CanSecure is a risk management approach for continuous cybersecurity monitoring. CanSecure, utilized in conjunction with Cognoscenti, creates a baseline and Current System State (CSS) model to identify changes in an organization’s security posture. It conforms to the National Institute of Standards and Technology (NIST) Interagency Report 7756.
Baseline settings can be “enforced.” An enforced baseline value ensures that when system components, or data associated with those components, changes, it is immediately flagged, alerting to a system/component deviation from the baseline. When this occurs, the components being enforced are restored to the baseline state, ensuring applications are run under a known accepted state. Unauthorized software is removed, ports are turned off or on, and operational configurations are maintained according to expected standards.
CanSecure’s open- and closed-source applications are leveraged for penetration testing to ensure non-vulnerability of systems running on the network.
CanSecure uses White Hat methods. Test attacks are delivered both internally and externally to the running device.

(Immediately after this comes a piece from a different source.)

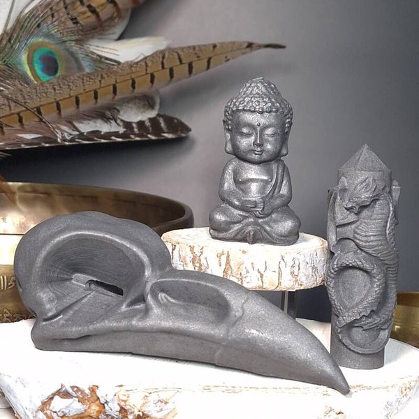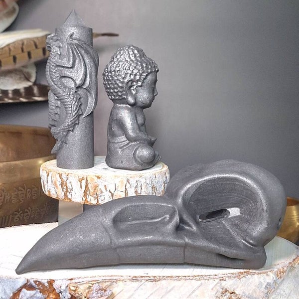 Shungiet. XL set met Boeddha, Raaf en Draak van Shungit uit Rusland

The software will identify what penetration tests are needed and aid the set up and running of these required tests.
In accordance with DHS guidelines and NIST standards for risk management (NIST Special Publication 800-37), CanSecure provides the final link in Continuous Asset Evaluation, Situational Awareness, and Risk Scoring (CAESARS) Architecture, as documented in DHS-MP100146.
CanSecure determines the actual state of IT assets, identifies gaps between the original baseline or CSS, with the desired baseline, assesses gap risk, provides scoring reflecting aggregate risk, and provides management reports and dashboards to make critical decisions concerning vulnerabilities, mitigation strategies, and asset and configuration management.
CanSecure has a setting up/configuration time-saving advantage. Once the network segment(s) are entered into the configuration and the scan frequency, Phen takes over.
Configuration time is about 30 seconds.
The scanning is initially setup by Phen (IP, ports, scheduling, intensity). As new systems enter the network and outdated systems leave, Phen is automatically adjusting the scanning software. As a system adopts new services or removes services, Phen is handling the adjustments to the scanning software and identifying/reporting any existing system anomalies.
This identifies/pinpoints vulnerabilities, and provides the capabilities to solve any and all problems.